PROVIDED DATA –

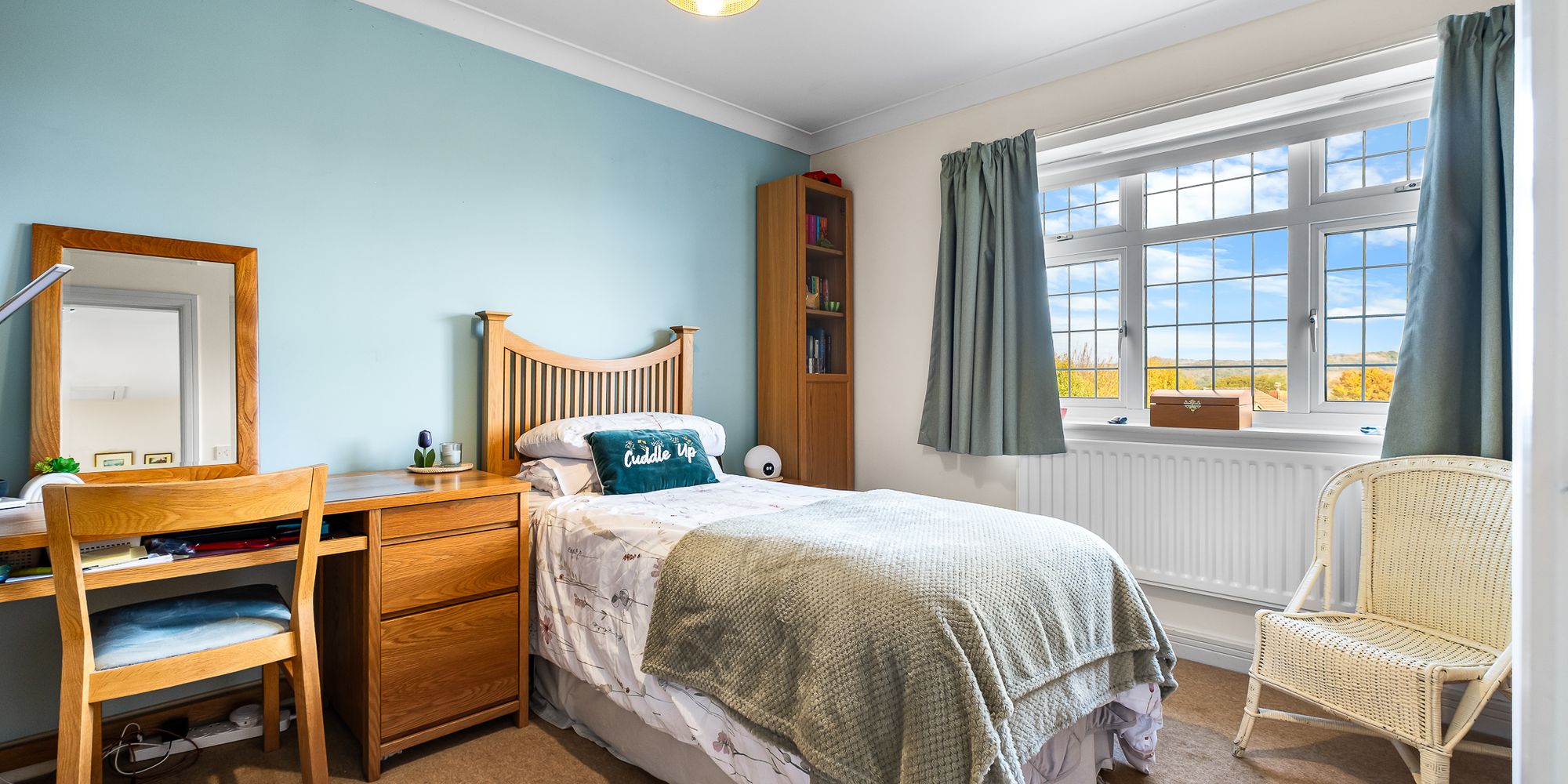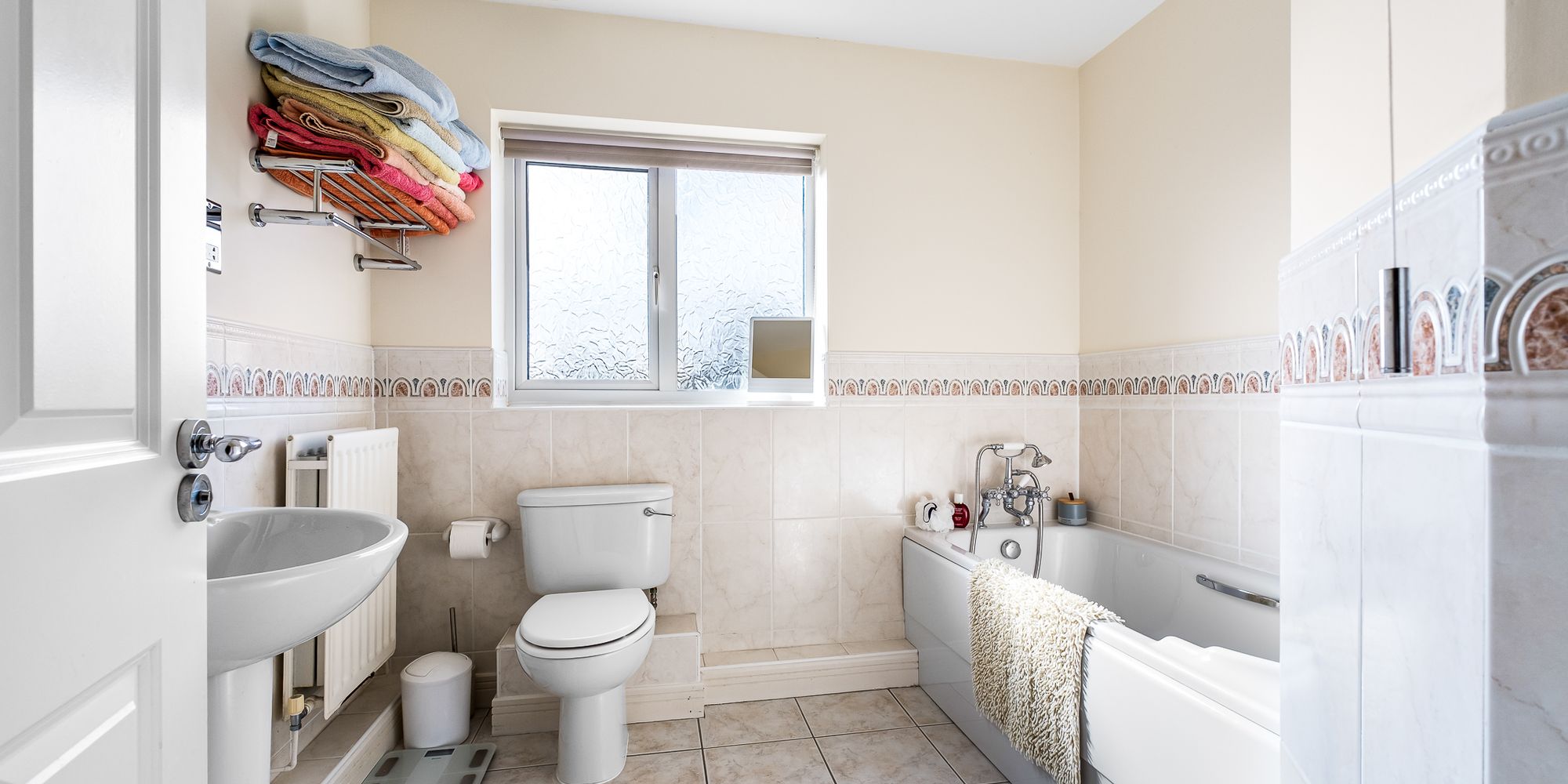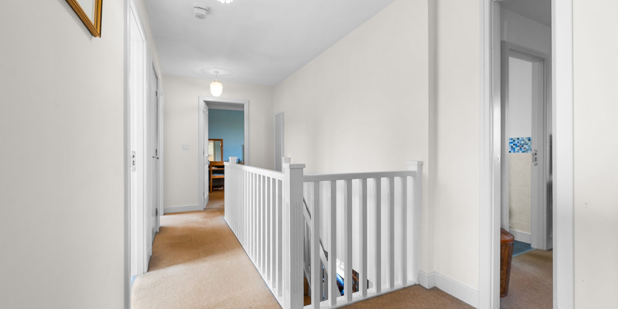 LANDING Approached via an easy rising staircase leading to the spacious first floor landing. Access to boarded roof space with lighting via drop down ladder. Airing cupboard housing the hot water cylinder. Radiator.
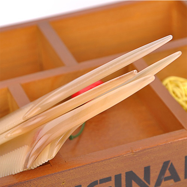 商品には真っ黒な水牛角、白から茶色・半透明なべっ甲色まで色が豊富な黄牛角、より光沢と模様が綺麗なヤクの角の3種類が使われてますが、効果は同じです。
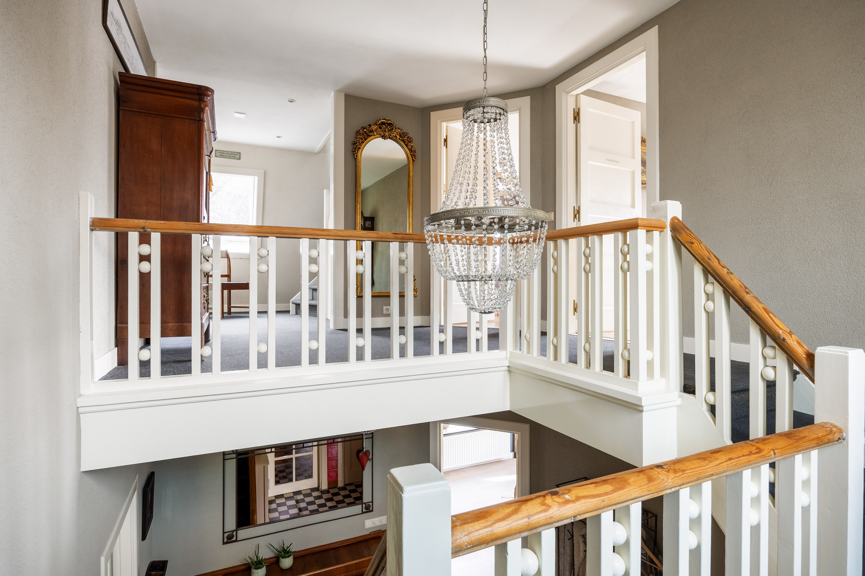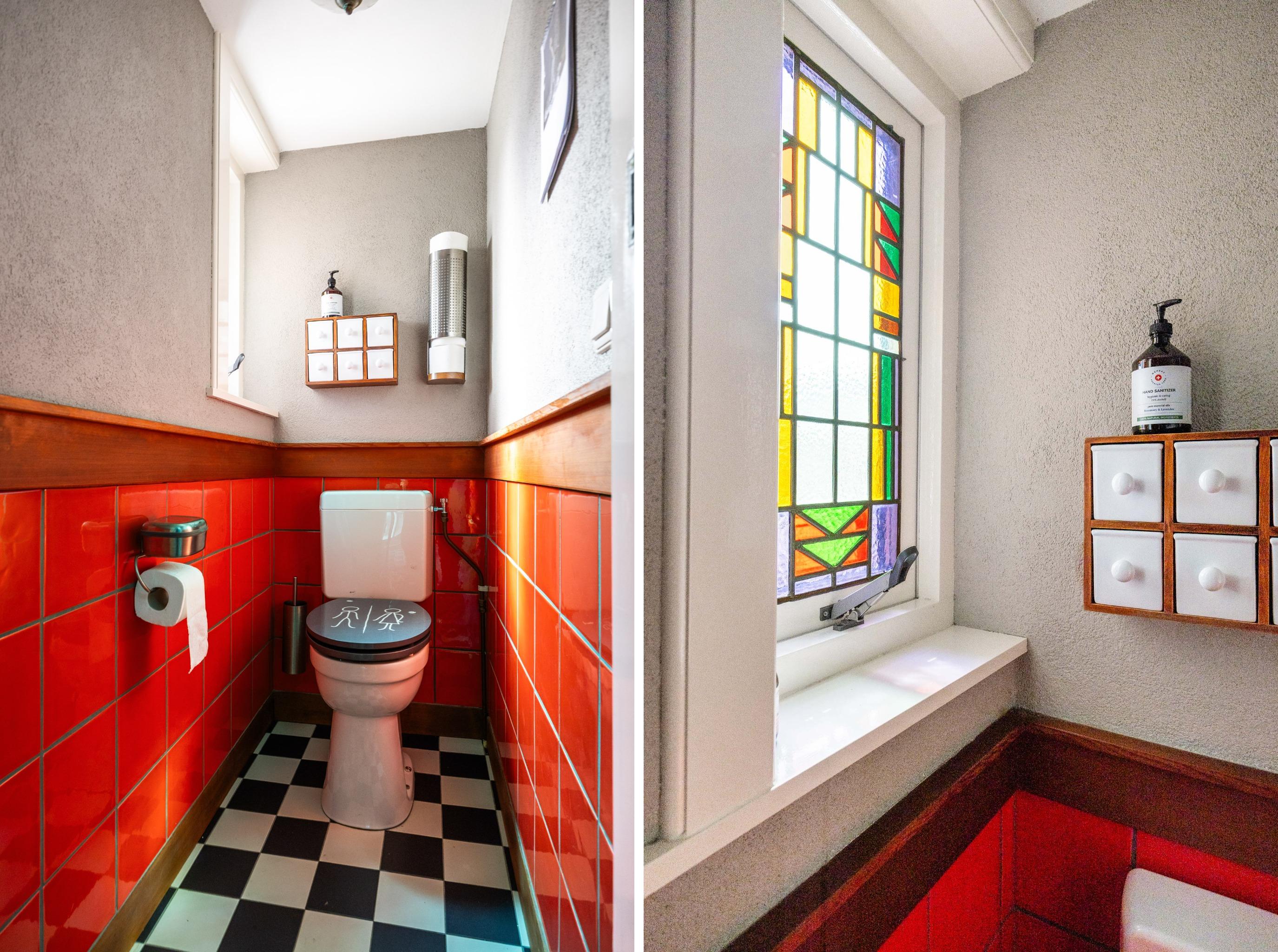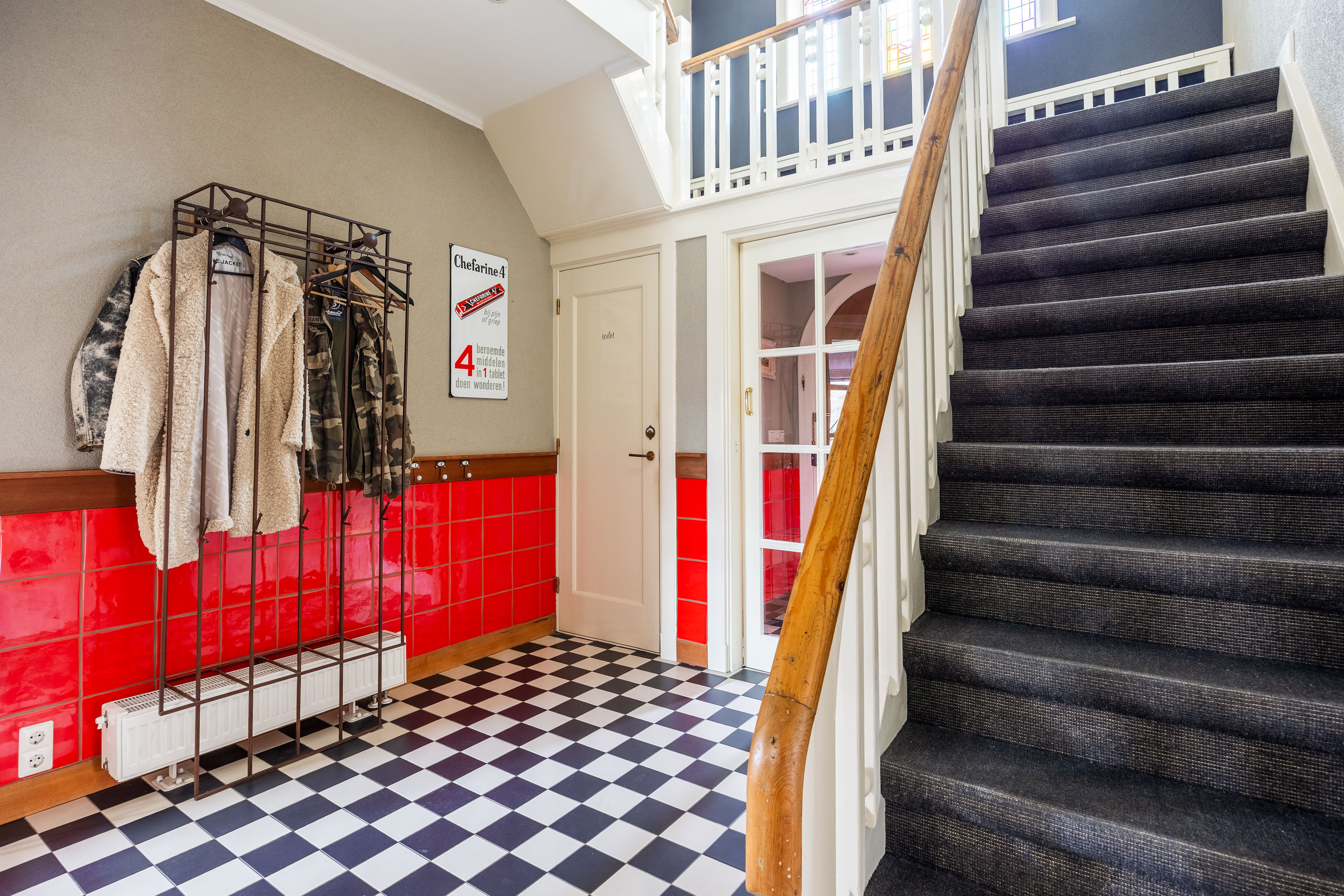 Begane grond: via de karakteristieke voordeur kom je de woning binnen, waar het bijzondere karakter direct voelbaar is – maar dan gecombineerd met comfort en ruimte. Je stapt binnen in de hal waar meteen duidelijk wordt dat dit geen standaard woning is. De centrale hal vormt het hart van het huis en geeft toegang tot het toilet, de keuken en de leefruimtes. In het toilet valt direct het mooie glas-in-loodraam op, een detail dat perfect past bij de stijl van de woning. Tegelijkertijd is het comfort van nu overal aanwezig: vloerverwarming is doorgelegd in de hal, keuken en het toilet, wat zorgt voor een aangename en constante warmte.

ACTIVITY – The data is to be printed again exactly, but without its pictures.

EXERCISE RESULT –
 LANDING Approached via an easy rising staircase leading to the spacious first floor landing. Access to boarded roof space with lighting via drop down ladder. Airing cupboard housing the hot water cylinder. Radiator.
 商品には真っ黒な水牛角、白から茶色・半透明なべっ甲色まで色が豊富な黄牛角、より光沢と模様が綺麗なヤクの角の3種類が使われてますが、効果は同じです。
 Begane grond: via de karakteristieke voordeur kom je de woning binnen, waar het bijzondere karakter direct voelbaar is – maar dan gecombineerd met comfort en ruimte. Je stapt binnen in de hal waar meteen duidelijk wordt dat dit geen standaard woning is. De centrale hal vormt het hart van het huis en geeft toegang tot het toilet, de keuken en de leefruimtes. In het toilet valt direct het mooie glas-in-loodraam op, een detail dat perfect past bij de stijl van de woning. Tegelijkertijd is het comfort van nu overal aanwezig: vloerverwarming is doorgelegd in de hal, keuken en het toilet, wat zorgt voor een aangename en constante warmte.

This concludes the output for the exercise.